The implementation of revised accounting standards, together with the inherently uncertain nature of insurance business, meant that the reported results of insurance companies were exposed to considerable volatility. Both capital markets and the insurance market were prone to cyclical movements. With this in mind, it became imperative that the companies within the group ensured the application of fundamentals.
This would enable Middlesea to manage the level of business, achieve a balance between value creation and capital adequacy and continue to strive to be a low-cost producer, quality service provider and insurer of choice. Of course, it had to be borne in mind that future expectations needed to be based on a prudent analytical appreciation. Hence, it remained fundamental to approach the future imponderables with prudence but with an absolute resolve to succeed, Mr Grech said.

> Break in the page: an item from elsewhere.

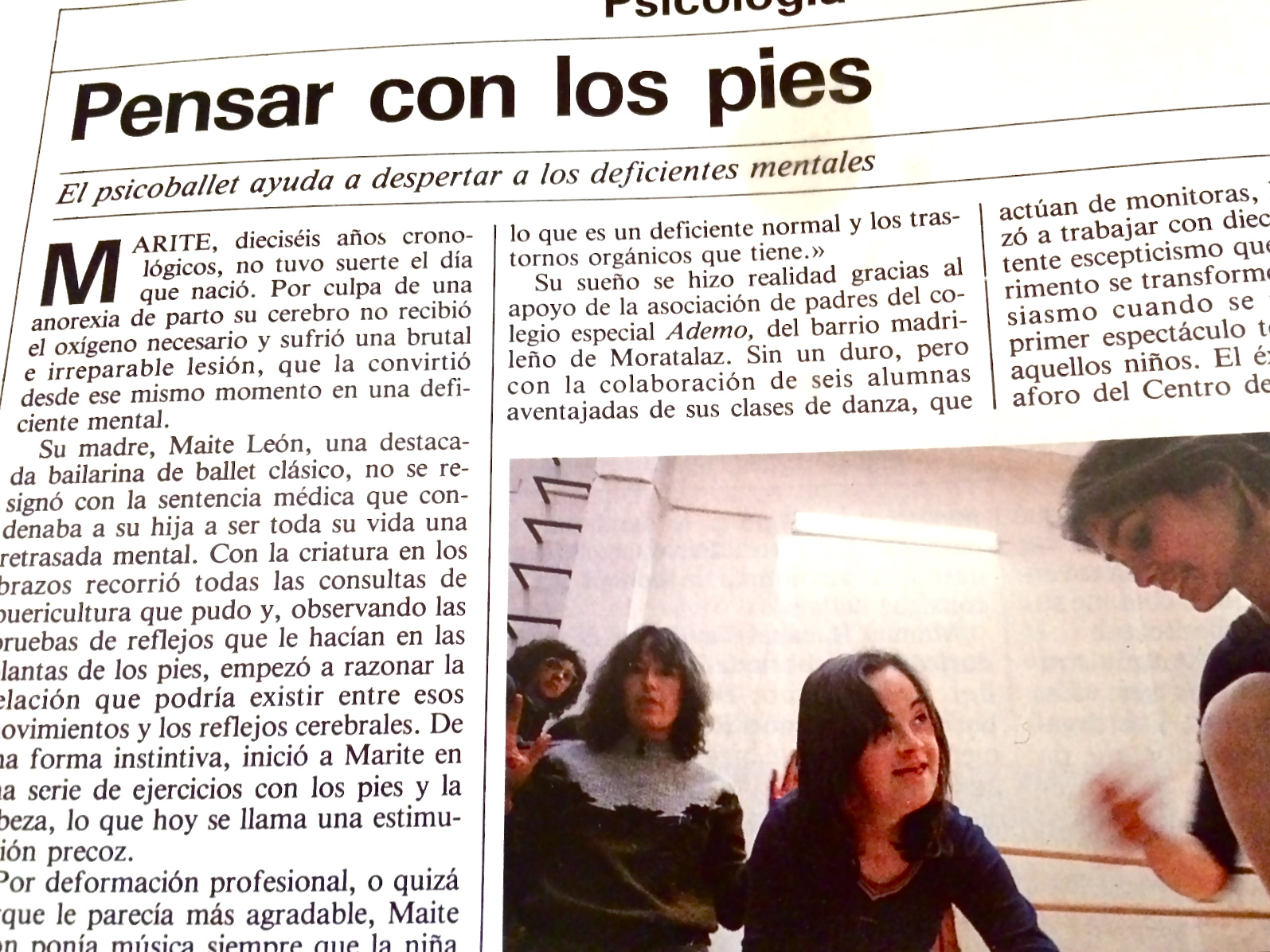 Y yo, de casualidad, empecé con mis clases de danza en el Kimura (el gimnasio del barrio) y caí en la clase de Maite León, a veces el Destino adopta formas extrañas y en este caso pasé de ser una adolescente que nunca había tenido contacto con el mundo de los  disminuidos psíquicos a meterme de lleno en esta realidad. Y ser una de las monitoras de esta aventura.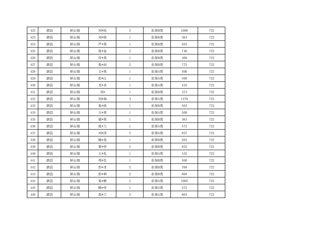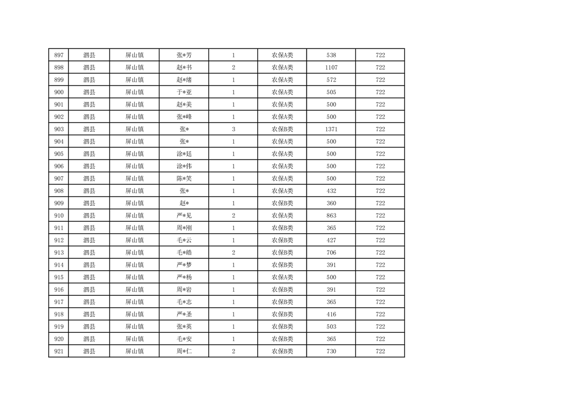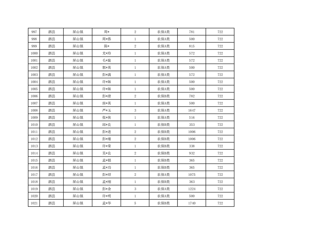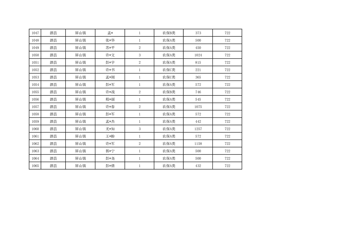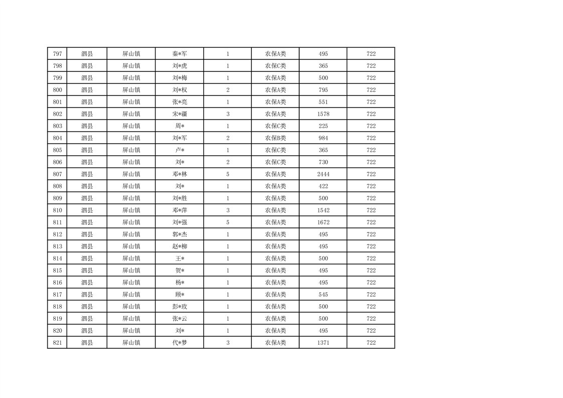 【分配结果】屏山镇2025年10月农保资金发放花名册

He added: “Middlesea’s future direction is based on its clear strategy of providing a broad range of products through multi-channel distribution, applying technically correct pricing, ensuring adequate reserving, pursuing growth with a territorial spread and portfolio mix, together with an absolute resolve to succeed. We will continue to employ an efficient capital structure across the Middlesea Group through the allocation of our shareholder equity with the ultimate aim of maximising our potential for profitable growth. With the strength of its balance sheet, MSI is in a strong position to continue on its path of growth and development both locally and overseas. Underlying this is our awareness of our size. It is our belief that there is scope for a medium sized company specialising in niche areas and operating in an international market. We can provide a professional personal service of high quality and a strong financial base. As I have always maintained, we have to be realistic in our approach and keep in mind that our objective of seeking growth overseas is a continuous uphill task in its own right.”
The following members were appointed on the Board of Directors until the 26th annual general meeting namely R.E.D. Chalmers, T. Depasquale, Dr J.C. Grech, A. Jimenez Herradon, Dr M. Sparberg, D. Sugranyes Bickel, F. Xerri de Caro and J.F.X. Zahra.
Pursuant to the Articles of Association, as there were as many nominations as there were vacancies, the following nominees were automatically appointed directors, namely G. Bonnici, Dr E. Caruana Demajo, A. Corsi, G. Debono Grech, V. Galea Salomone and L. Spiteri.
Immediately after the general meeting, the board of directors appointed M.C. Grech as chairman and R.E.D. Chalmers as deputy chairman.